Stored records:
▼

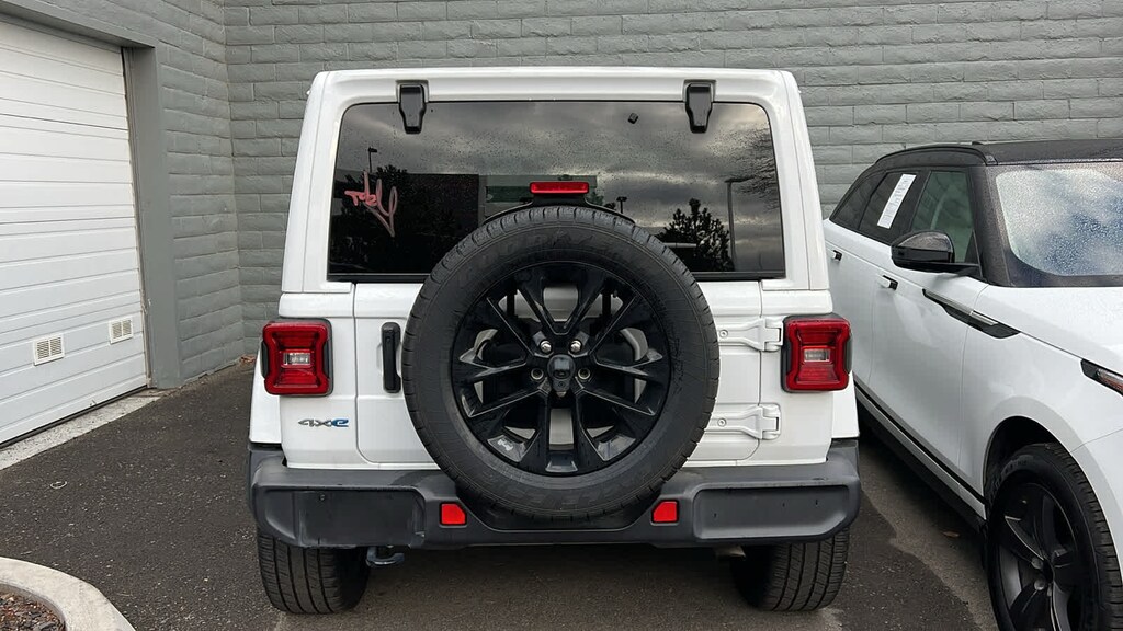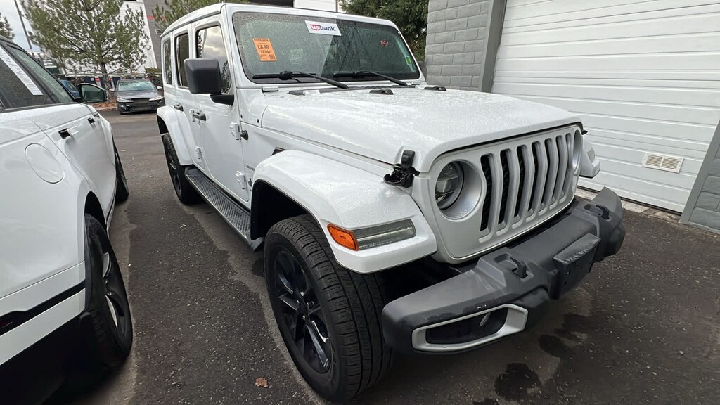 SKY 1-TOUCH POWER TOP Rear Window Defroster, Rear Window Wiper/Washer, Removable Rear Quarter Windows, Power Top Quarter Window Storage Bag, COLD WEATHER GROUP Heated Steering Wheel, Remote Start System, Heated Front Seats, REMOTE PROXIMITY KEYLESS ENTRY, TRANSMISSION: 8-SPEED AUTO 8P75PH PHEV (STD), ENGINE: 2.0L I4 DOHC DI TURBO PHEV (STD). Jeep Unlimited Sahara with Bright White Clearcoat exterior and Dark Saddle/Black interior features a 4 Cylinder Engine with 375 HP at 5250 RPM*.
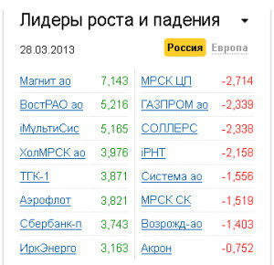 В первой половине дня вниз отечественный рынок тянули снижающиеся акции "Газпрома" (-2,34%), чья прибыль согласно отчетности по РСБУ упала на 37%, таким образом, размер дивидендов компании за 2012 год составит примерно 6 рублей на акцию. Также добавила негатива и информация о том, что в "дочке" "Газпрома" проводятся обыски из-за неуплаты налогов на сумму 182 миллиона рублей.
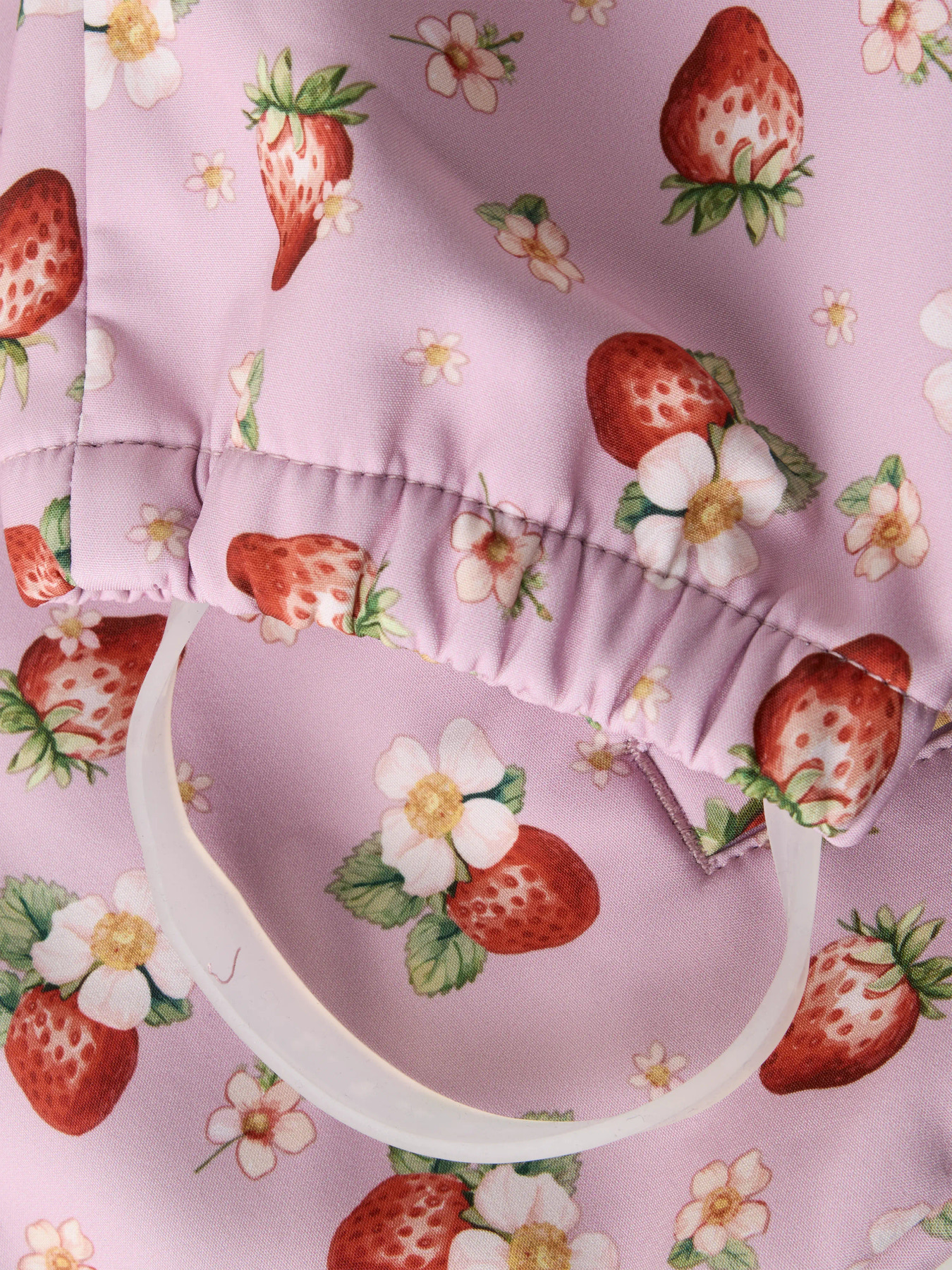 Mega sød softshell dragt fra Name it med det skønneste print af jordbær. Dragten er med funktionelle lommer i siden og flere fine detaljer. Den er med aftagelig hætte og aftagelige fodbøjler. Der er ekstra slidstærk foring på numse og knæ. Den er med lynlås og beskyttelse ved kraven.
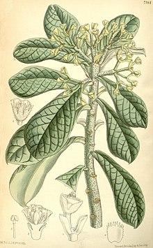 An additional report appeared in an 1882 note in the journal Nature written by Reverend G. W. Parker, a missionary in Madagascar.[19] He describes two types: a small, shrub-like form, and a larger tree with two layers of bark—a dead outer layer, and a new living layer that grows beneath it; both are described as having red and black fruit and brittle, glossy, lanceolate leaves. Parker notes the umdhlebe is reported to grow in a variety of habitats, but to prefer rocky ground and that due to superstition, the area around the tree is never inhabited despite often being fertile'.[19]
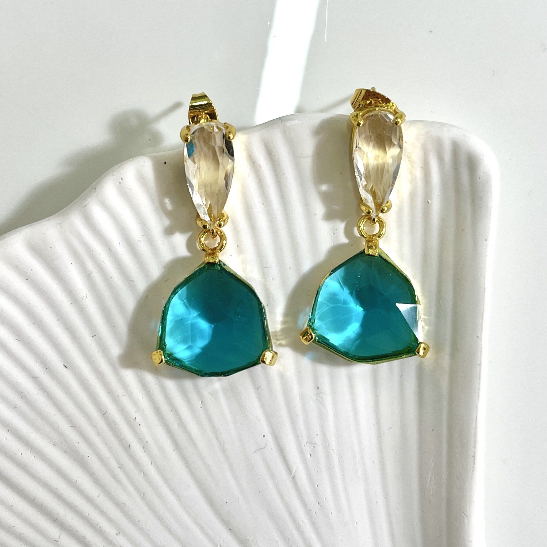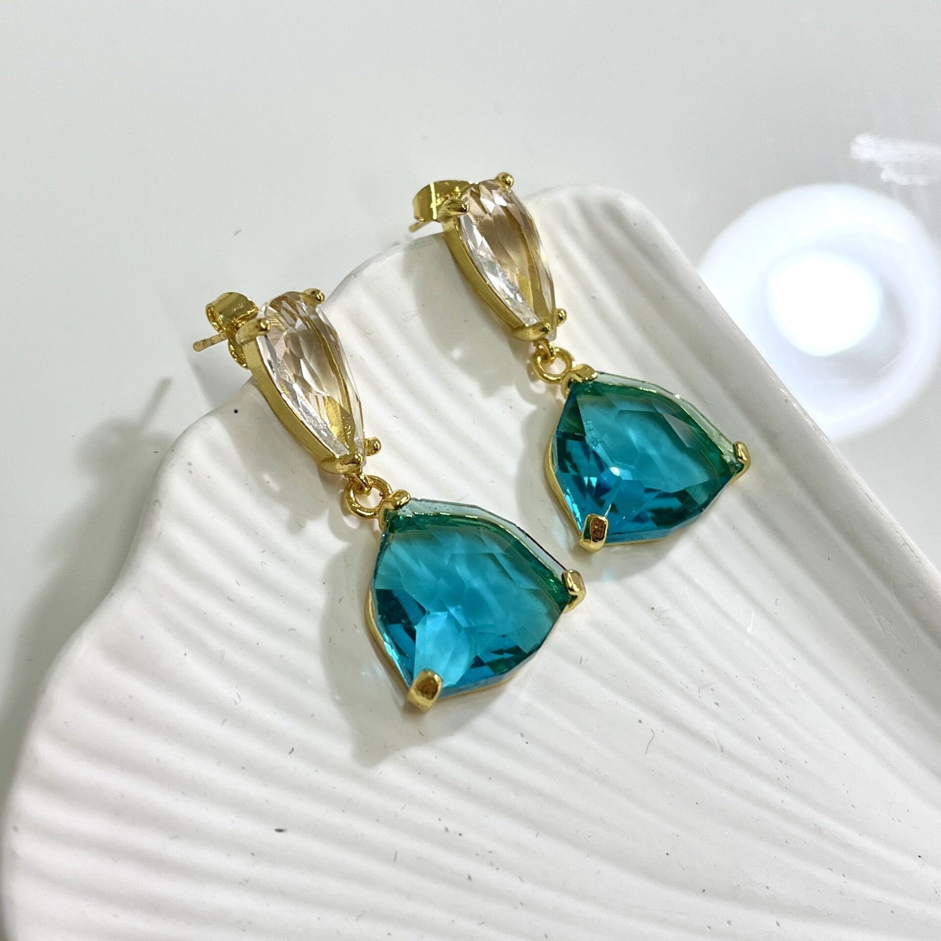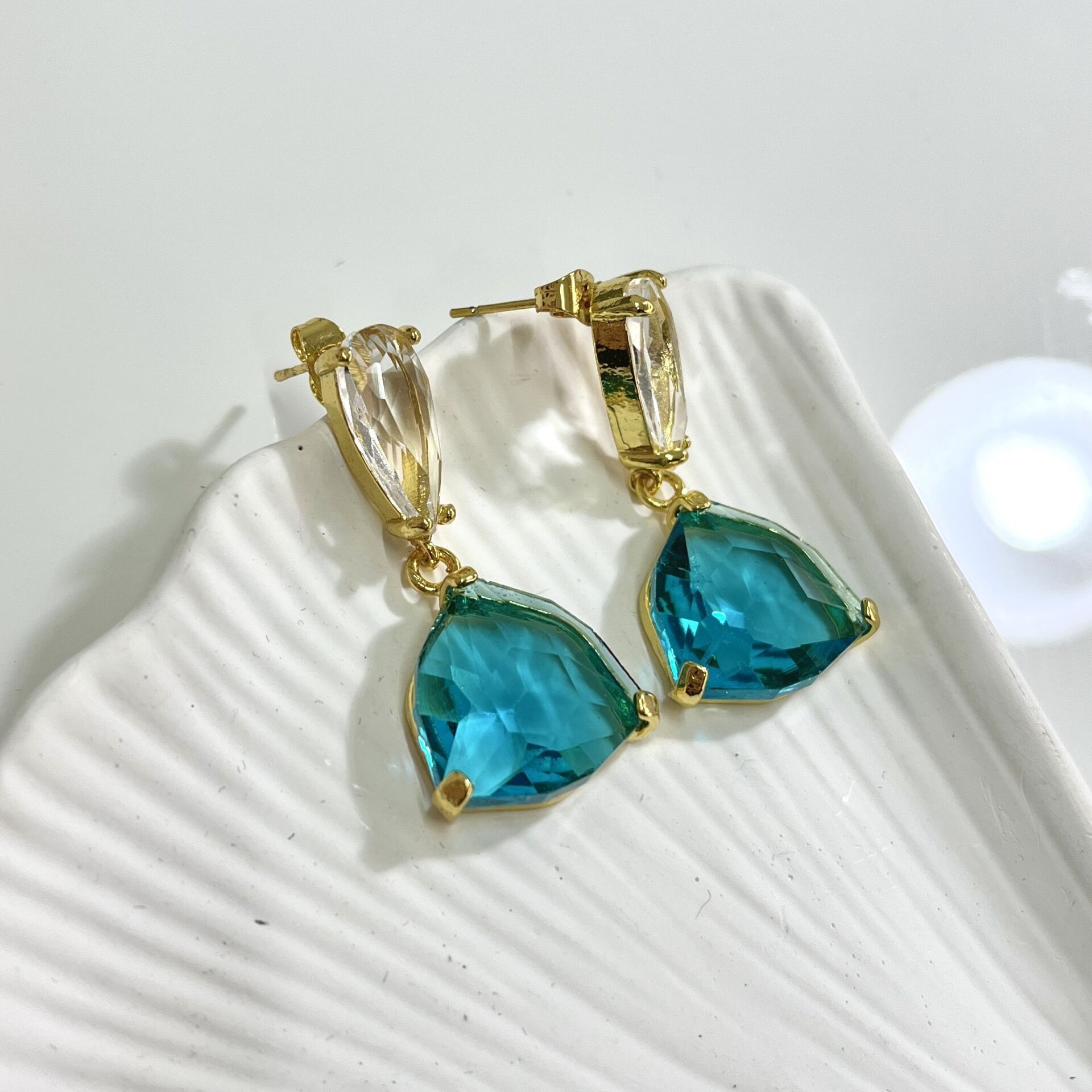 316L kalite kararmaya dayanıklı çelik kristal taşlı küpe.
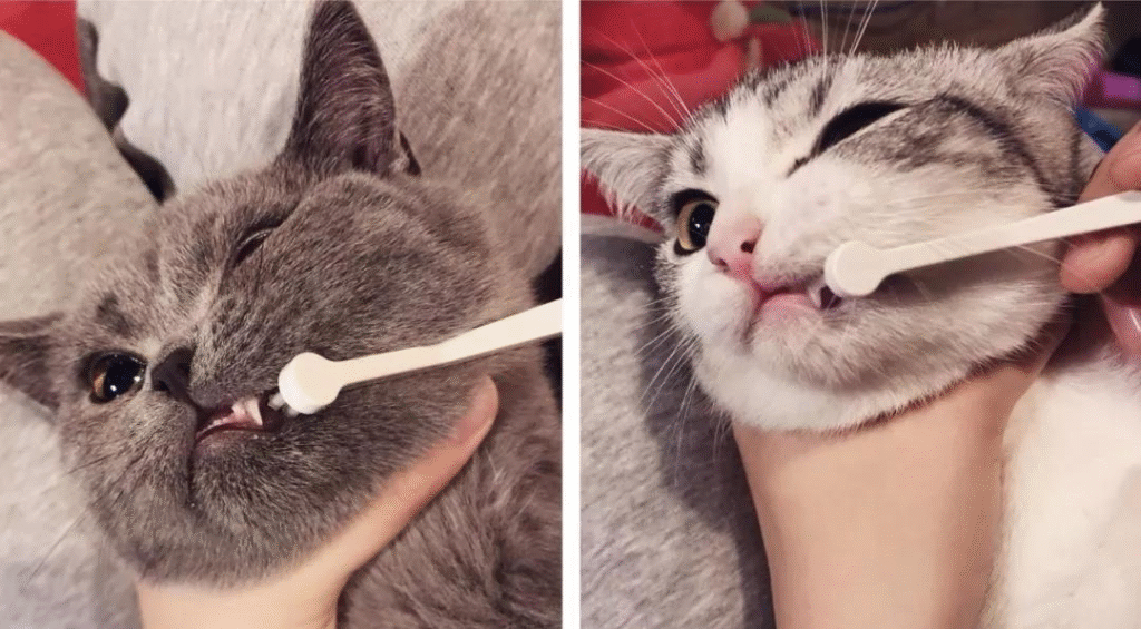 - Brush 2–3 times a week with pet-safe toothpaste (never human toothpaste).
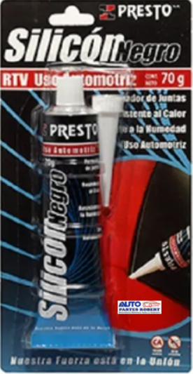 EL SILICON PRESTO NEGRO 70 G ES UN SELLADOR AUTOMOTRIZ DE ALTA TEMPERATURA, IDEAL PARA JUNTAS DE MOTORES, CAJAS DE CAMBIOS Y SISTEMAS DE ESCAPE.
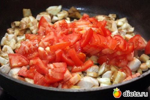 Помидоры нарезаем небольшими кусочками и отправляем в сковороду. Можно снять с них кожицу, но мне она не мешает, так что я ее оставила.
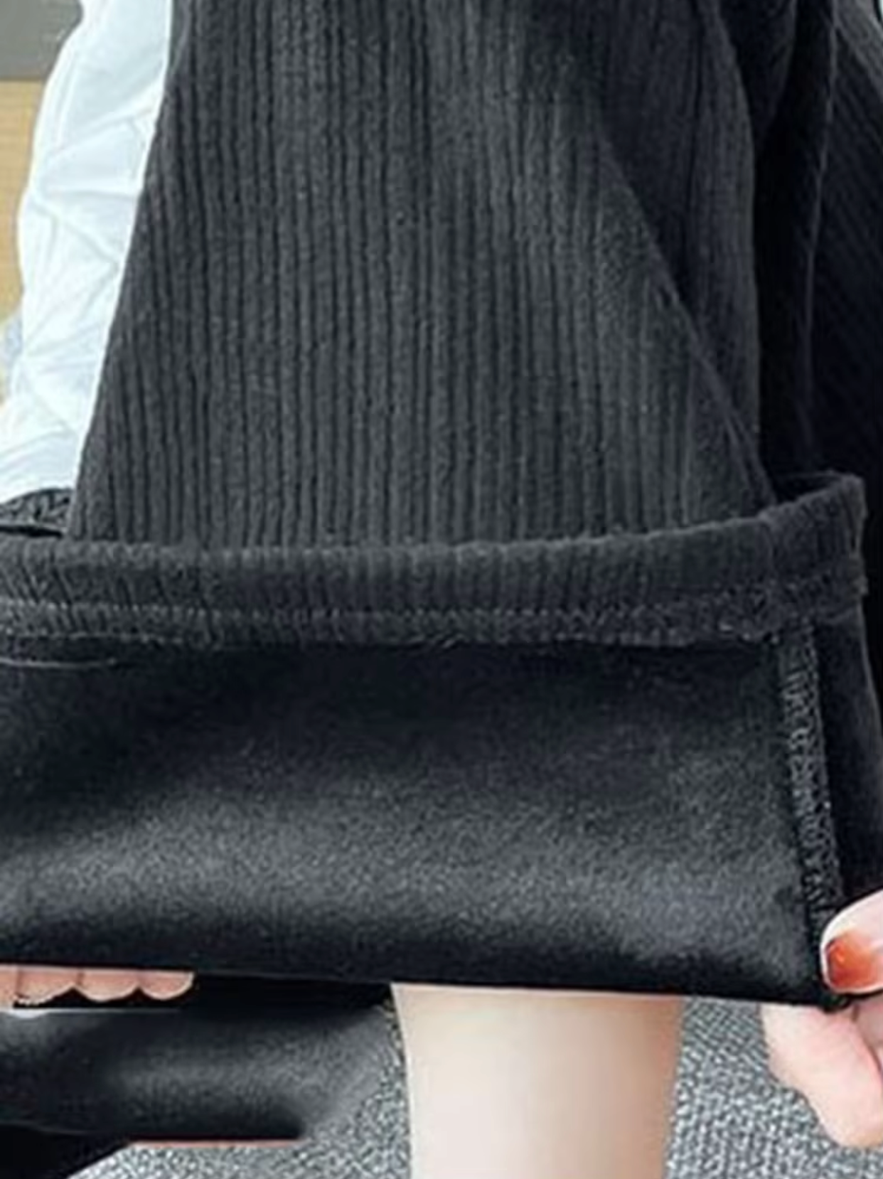 These winter-ready flared trousers are made from a mix of high-quality, durable fabrics and feature a plush velvet lining for extra warmth and softness against the skin. With a high-waisted, slim silhouette, these trousers offer a flattering look and will keep you warm on colder days.

▲

Problem details »
Give the entries again exactly. Pictures stay out.

Response for this exercise »
 SKY 1-TOUCH POWER TOP Rear Window Defroster, Rear Window Wiper/Washer, Removable Rear Quarter Windows, Power Top Quarter Window Storage Bag, COLD WEATHER GROUP Heated Steering Wheel, Remote Start System, Heated Front Seats, REMOTE PROXIMITY KEYLESS ENTRY, TRANSMISSION: 8-SPEED AUTO 8P75PH PHEV (STD), ENGINE: 2.0L I4 DOHC DI TURBO PHEV (STD). Jeep Unlimited Sahara with Bright White Clearcoat exterior and Dark Saddle/Black interior features a 4 Cylinder Engine with 375 HP at 5250 RPM*.
 В первой половине дня вниз отечественный рынок тянули снижающиеся акции "Газпрома" (-2,34%), чья прибыль согласно отчетности по РСБУ упала на 37%, таким образом, размер дивидендов компании за 2012 год составит примерно 6 рублей на акцию. Также добавила негатива и информация о том, что в "дочке" "Газпрома" проводятся обыски из-за неуплаты налогов на сумму 182 миллиона рублей.
 Mega sød softshell dragt fra Name it med det skønneste print af jordbær. Dragten er med funktionelle lommer i siden og flere fine detaljer. Den er med aftagelig hætte og aftagelige fodbøjler. Der er ekstra slidstærk foring på numse og knæ. Den er med lynlås og beskyttelse ved kraven.
 An additional report appeared in an 1882 note in the journal Nature written by Reverend G. W. Parker, a missionary in Madagascar.[19] He describes two types: a small, shrub-like form, and a larger tree with two layers of bark—a dead outer layer, and a new living layer that grows beneath it; both are described as having red and black fruit and brittle, glossy, lanceolate leaves. Parker notes the umdhlebe is reported to grow in a variety of habitats, but to prefer rocky ground and that due to superstition, the area around the tree is never inhabited despite often being fertile'.[19]
 316L kalite kararmaya dayanıklı çelik kristal taşlı küpe.
 - Brush 2–3 times a week with pet-safe toothpaste (never human toothpaste).
 EL SILICON PRESTO NEGRO 70 G ES UN SELLADOR AUTOMOTRIZ DE ALTA TEMPERATURA, IDEAL PARA JUNTAS DE MOTORES, CAJAS DE CAMBIOS Y SISTEMAS DE ESCAPE.
 Помидоры нарезаем небольшими кусочками и отправляем в сковороду. Можно снять с них кожицу, но мне она не мешает, так что я ее оставила.
 These winter-ready flared trousers are made from a mix of high-quality, durable fabrics and feature a plush velvet lining for extra warmth and softness against the skin. With a high-waisted, slim silhouette, these trousers offer a flattering look and will keep you warm on colder days.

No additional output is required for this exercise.